Problem statement: Please return the data word for word and leave out any picture it contains.

(Source data begins)

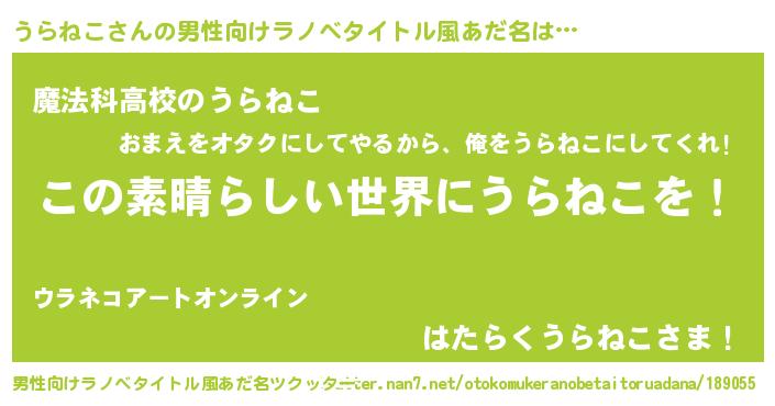 | 意味不明あだ名 | 『住所不定無職うらねこ(50歳)』 |
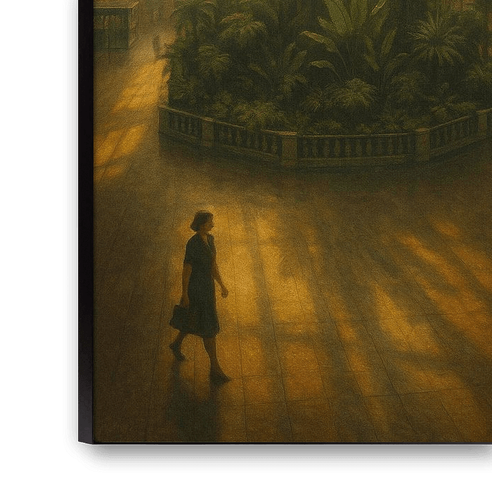 As fine wall art, Atocha Station at Sunset enriches interiors that value calm, geometry, and modern romanticism. Ideal for collectors who appreciate architectural scenes, golden tones, and urban stillness, it captures Madrid’s heartbeat in a moment of perfect peace.
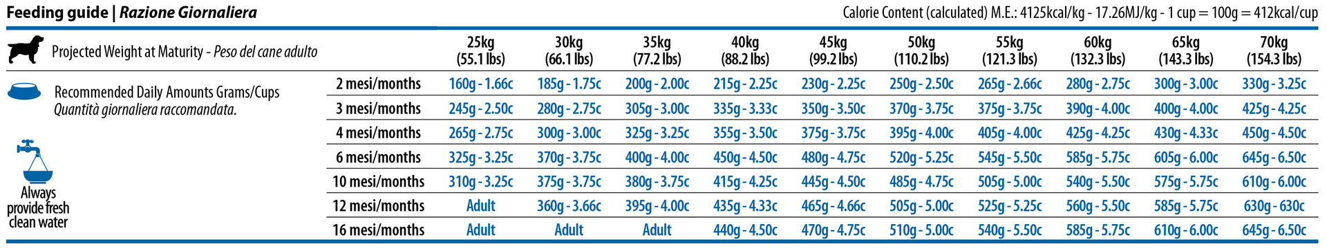 Formulated to meet the nutritional levels established by the AAFCO Dog Food Nutrient Profiles for All Life Stages including growth of large size dogs (70 lb. or more as an adult).
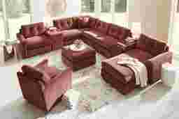 Discover the limitless possibilities of the Drew & Jonathan ModularOne, thoughtfully designed with comfort and flexibility in mind. This customizable seating solution features individual pieces that can be reconfigured to the shape you need. Game days, movie nights, sleepovers, and everyday relaxation are all better when the seating arrangement you want is always right at your fingertips. Each individual piece is upholstered on all sides in our signature fabric, New Horizon. This soft, merlot-colored chenille includes Repreve yarn, made with recycled plastic bottles. The open seating includes a chaise and has welted track arms, top-stitched seat cushions and button-tufted back cushions for an elegant silhouette. Two center consoles provide hidden storage and double as side tables with an acrylic top. A matching pillow provides the perfect final touch. Includes RAF chaise, two consoles, three armless chairs, corner wedge, and LAF chair. Visit a showroom to learn more about individual components and to work with a sales specialist to customize your own configuration today. Upholstery: 100% Polyester.
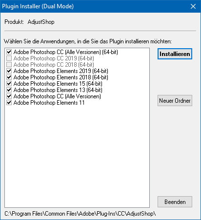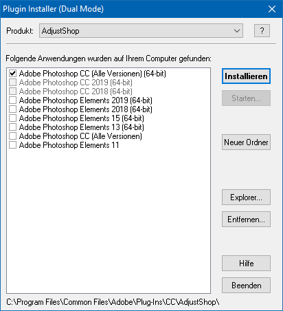 Wenn Sie eine neue Version von Photoshop Elements installieren und AdjustShop bereits installiert ist, müssen Sie nicht mehr das komplette Installationsprozedere von AdjustShop durchführen. Sie können Plugin Installer vom Startmenü aus starten und es verwenden, um AdjustShop in die neue Version von Photoshop Elements zu installieren.
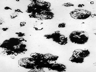 C. By using [³H]substrate at a very high specific activity it can be shown directly by radioautography in the electron microscope that every vesicle is labeled. Micrograph shown at the left is from vesicles labeled with VG in the presence of ASC-PMS. The number of vesicles labeled non-specifically with [³H]acetic anhydride is not significantly different.
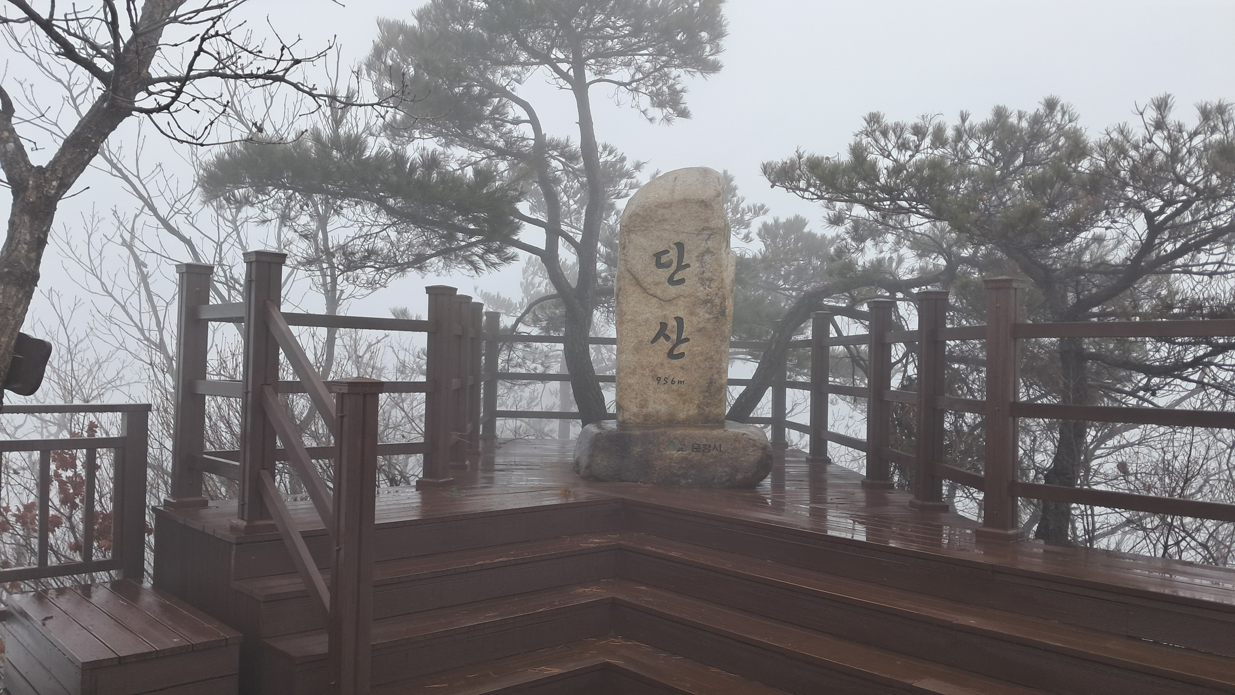 ▼ 훌쩍 뛰어 단산이네요. 비에 젖은 정상석
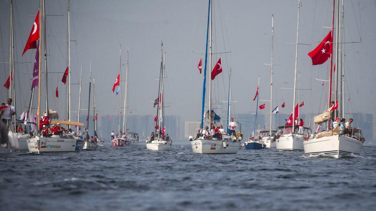 Cumhurbaşkanlığı 4. Uluslararası Yat Yarışları kapsamında yarışan 100 yelkenli dün sabah saatlerinde Cumhuriyet'in 100. yıldönümü nedeniyle İstanbul Boğazı'nda düzenlenen korteje katıldı. Türk bayraklarıyla donatılmış tekneler, Boğaz'da renkli görüntüler oluşturdu. Yarışmacılar, yarışa daha sonra Moda-Adalar parkurunda devam etti.
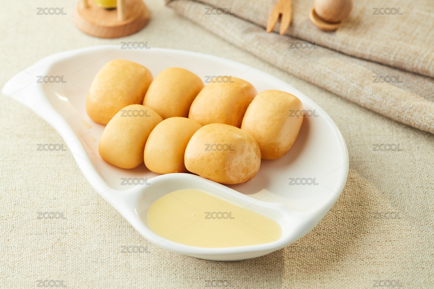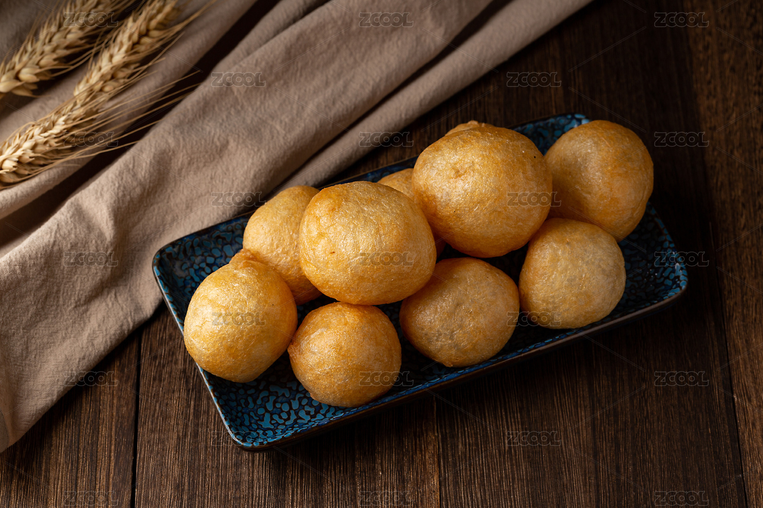 桌面上的盘子里的美味可口的地瓜芝士丸
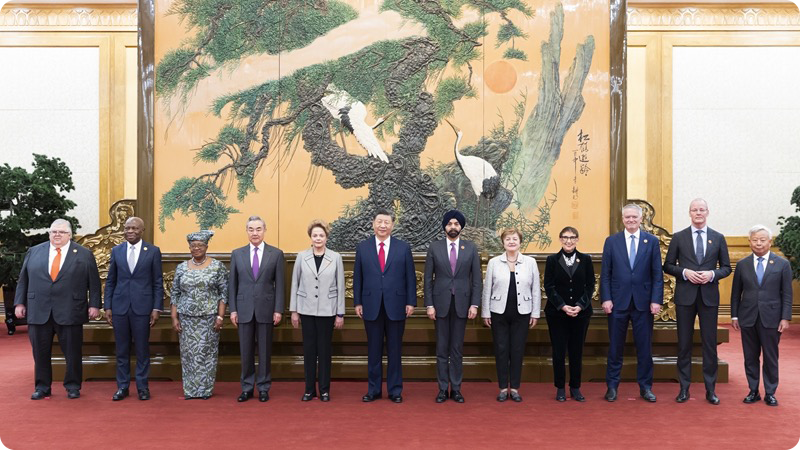 12月10日,习近平主席在北京人民大会堂会见来华出席“1+10”对话会的主要国际经济组织负责人
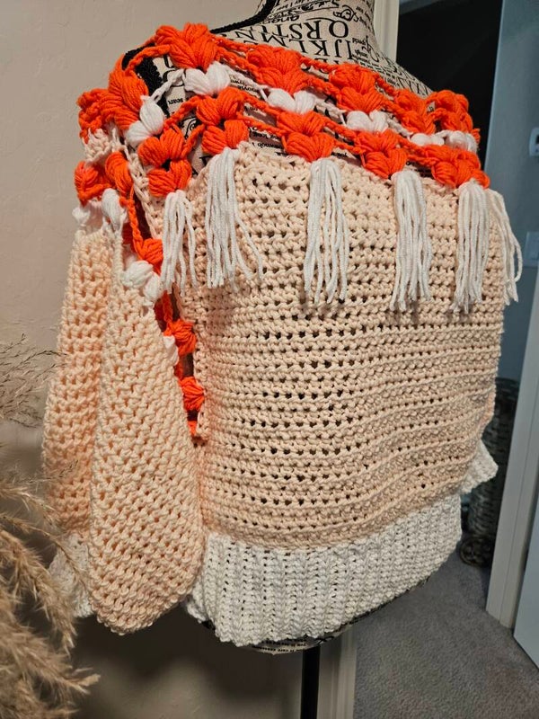 Introducing our delightful 100% Handmade Crochet Oversized Cold Shoulder Sweater! This charming piece features a trendy off-shoulder design that adds a playful touch to your wardrobe. Perfectly sized in Large, it drapes beautifully with a length of approximately 19 inches, making it ideal for layering or wearing solo. Each stitch is crafted with love, ensuring a unique and cozy feel. Embrace comfort and style with this must-have sweater!
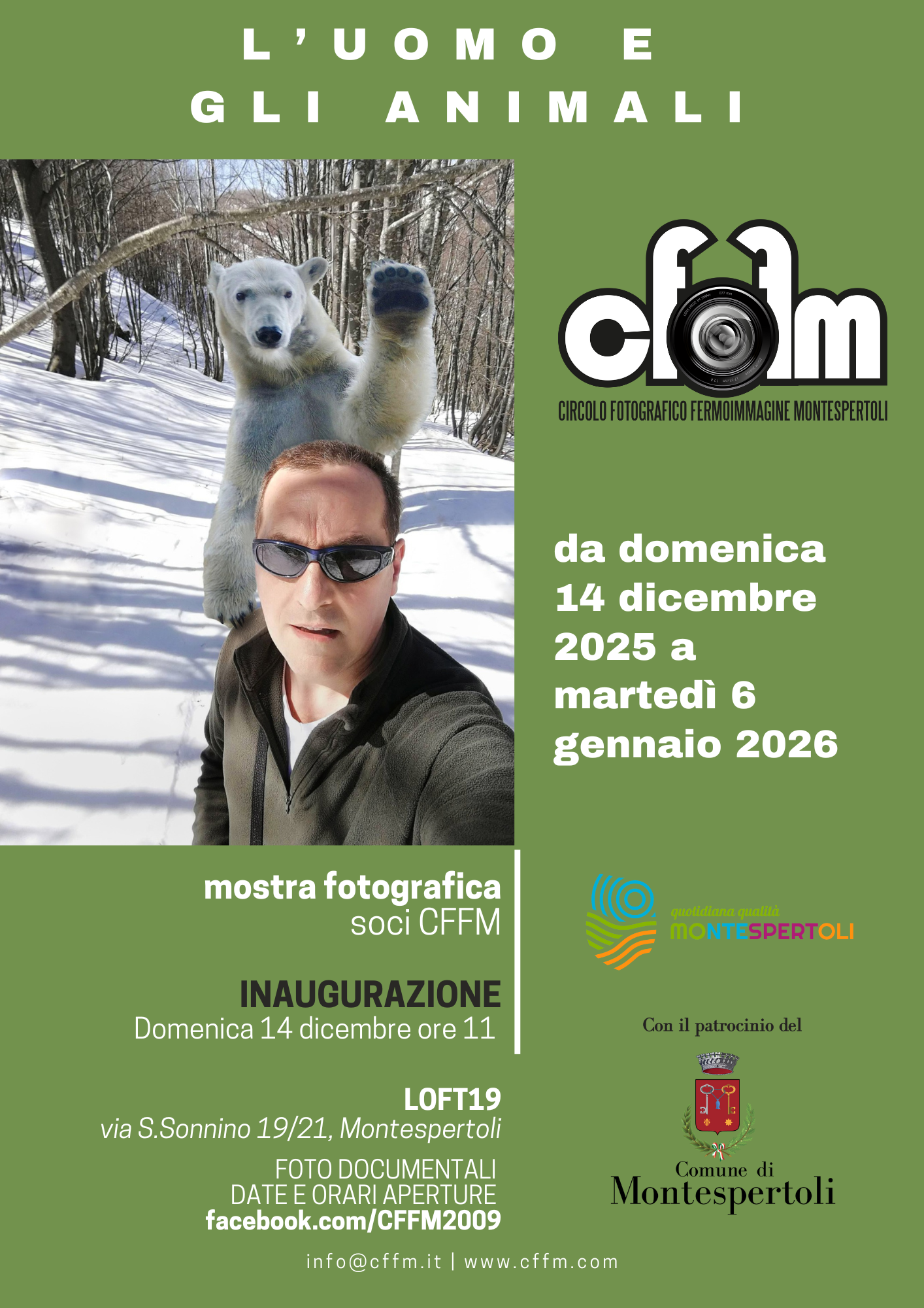 Il Circolo Fotografico Fermoimmagine (CFFM) presenta “L’Uomo e gli Animali”, una mostra collettiva che esplora il rapporto profondo e quotidiano tra esseri umani e mondo animale. Gli scatti realizzati dai soci del circolo raccontano momenti autentici di simbiosi e condivisione, offrendo al visitatore un viaggio visivo ricco di emozioni e situazioni reali colte in libertà.
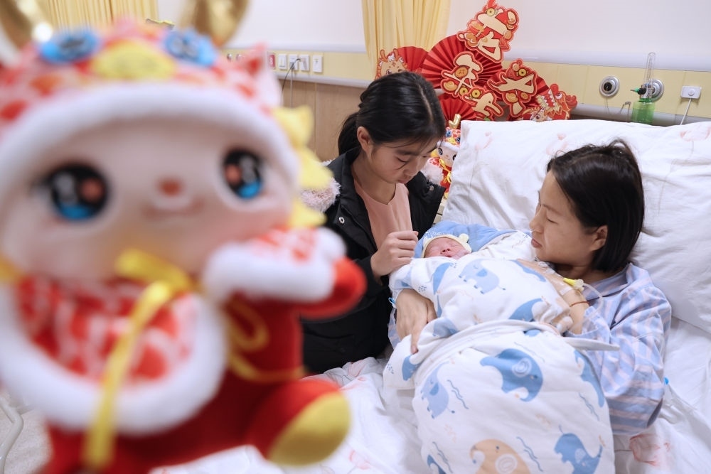 2月10日,在河北省石家莊市婦產醫(yī)院,一名剛出生的“龍寶寶”躺在媽媽懷里。新華社發(fā)(陳其保 攝)
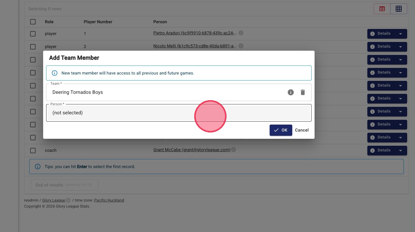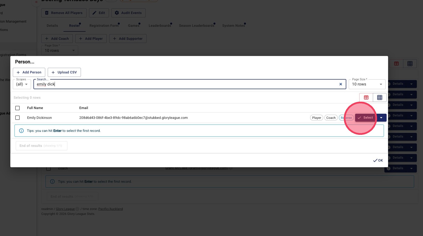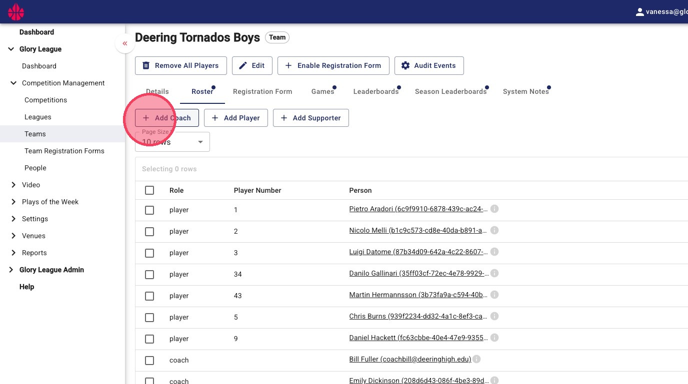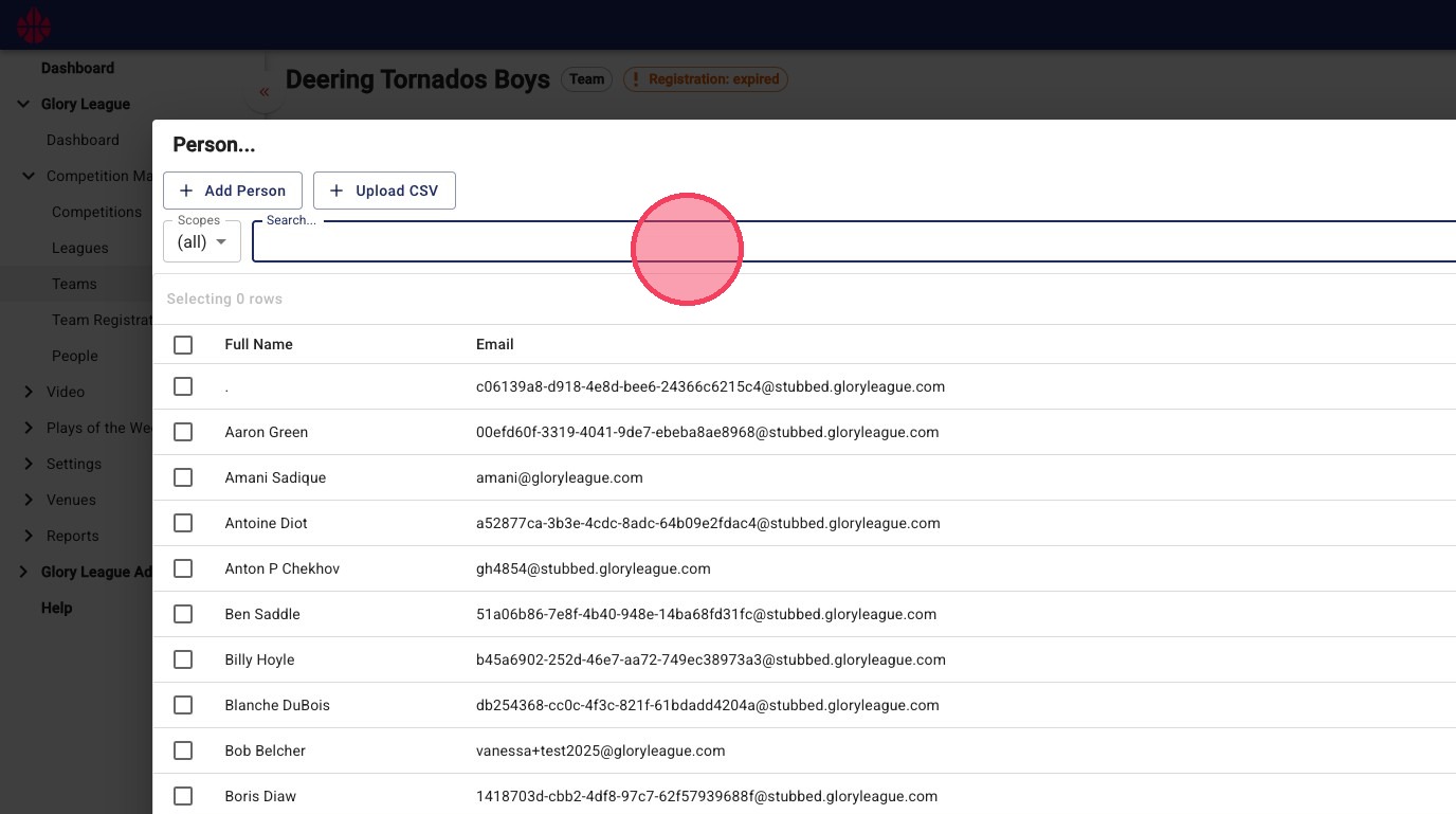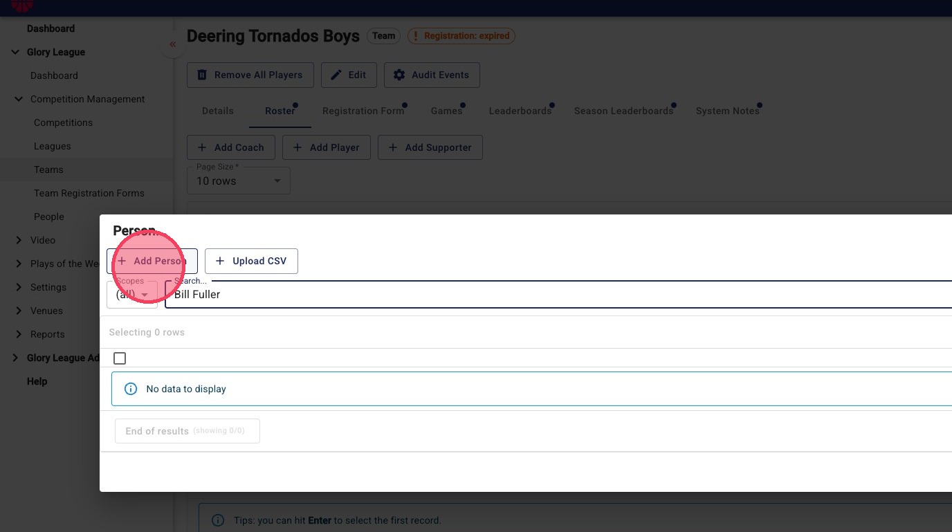 8. If no entries come up for the coach or if the email does not match click "Add Person"

(Source data ends)

Reply to the task:
 | 意味不明あだ名 | 『住所不定無職うらねこ(50歳)』 |
 As fine wall art, Atocha Station at Sunset enriches interiors that value calm, geometry, and modern romanticism. Ideal for collectors who appreciate architectural scenes, golden tones, and urban stillness, it captures Madrid’s heartbeat in a moment of perfect peace.
 Formulated to meet the nutritional levels established by the AAFCO Dog Food Nutrient Profiles for All Life Stages including growth of large size dogs (70 lb. or more as an adult).
 Discover the limitless possibilities of the Drew & Jonathan ModularOne, thoughtfully designed with comfort and flexibility in mind. This customizable seating solution features individual pieces that can be reconfigured to the shape you need. Game days, movie nights, sleepovers, and everyday relaxation are all better when the seating arrangement you want is always right at your fingertips. Each individual piece is upholstered on all sides in our signature fabric, New Horizon. This soft, merlot-colored chenille includes Repreve yarn, made with recycled plastic bottles. The open seating includes a chaise and has welted track arms, top-stitched seat cushions and button-tufted back cushions for an elegant silhouette. Two center consoles provide hidden storage and double as side tables with an acrylic top. A matching pillow provides the perfect final touch. Includes RAF chaise, two consoles, three armless chairs, corner wedge, and LAF chair. Visit a showroom to learn more about individual components and to work with a sales specialist to customize your own configuration today. Upholstery: 100% Polyester.
 Wenn Sie eine neue Version von Photoshop Elements installieren und AdjustShop bereits installiert ist, müssen Sie nicht mehr das komplette Installationsprozedere von AdjustShop durchführen. Sie können Plugin Installer vom Startmenü aus starten und es verwenden, um AdjustShop in die neue Version von Photoshop Elements zu installieren.
 C. By using [³H]substrate at a very high specific activity it can be shown directly by radioautography in the electron microscope that every vesicle is labeled. Micrograph shown at the left is from vesicles labeled with VG in the presence of ASC-PMS. The number of vesicles labeled non-specifically with [³H]acetic anhydride is not significantly different.
 ▼ 훌쩍 뛰어 단산이네요. 비에 젖은 정상석
 Cumhurbaşkanlığı 4. Uluslararası Yat Yarışları kapsamında yarışan 100 yelkenli dün sabah saatlerinde Cumhuriyet'in 100. yıldönümü nedeniyle İstanbul Boğazı'nda düzenlenen korteje katıldı. Türk bayraklarıyla donatılmış tekneler, Boğaz'da renkli görüntüler oluşturdu. Yarışmacılar, yarışa daha sonra Moda-Adalar parkurunda devam etti.
 桌面上的盘子里的美味可口的地瓜芝士丸
 12月10日,习近平主席在北京人民大会堂会见来华出席“1+10”对话会的主要国际经济组织负责人
 Introducing our delightful 100% Handmade Crochet Oversized Cold Shoulder Sweater! This charming piece features a trendy off-shoulder design that adds a playful touch to your wardrobe. Perfectly sized in Large, it drapes beautifully with a length of approximately 19 inches, making it ideal for layering or wearing solo. Each stitch is crafted with love, ensuring a unique and cozy feel. Embrace comfort and style with this must-have sweater!
 Il Circolo Fotografico Fermoimmagine (CFFM) presenta “L’Uomo e gli Animali”, una mostra collettiva che esplora il rapporto profondo e quotidiano tra esseri umani e mondo animale. Gli scatti realizzati dai soci del circolo raccontano momenti autentici di simbiosi e condivisione, offrendo al visitatore un viaggio visivo ricco di emozioni e situazioni reali colte in libertà.
 2月10日,在河北省石家莊市婦產醫(yī)院,一名剛出生的“龍寶寶”躺在媽媽懷里。新華社發(fā)(陳其保 攝)
 8. If no entries come up for the coach or if the email does not match click "Add Person"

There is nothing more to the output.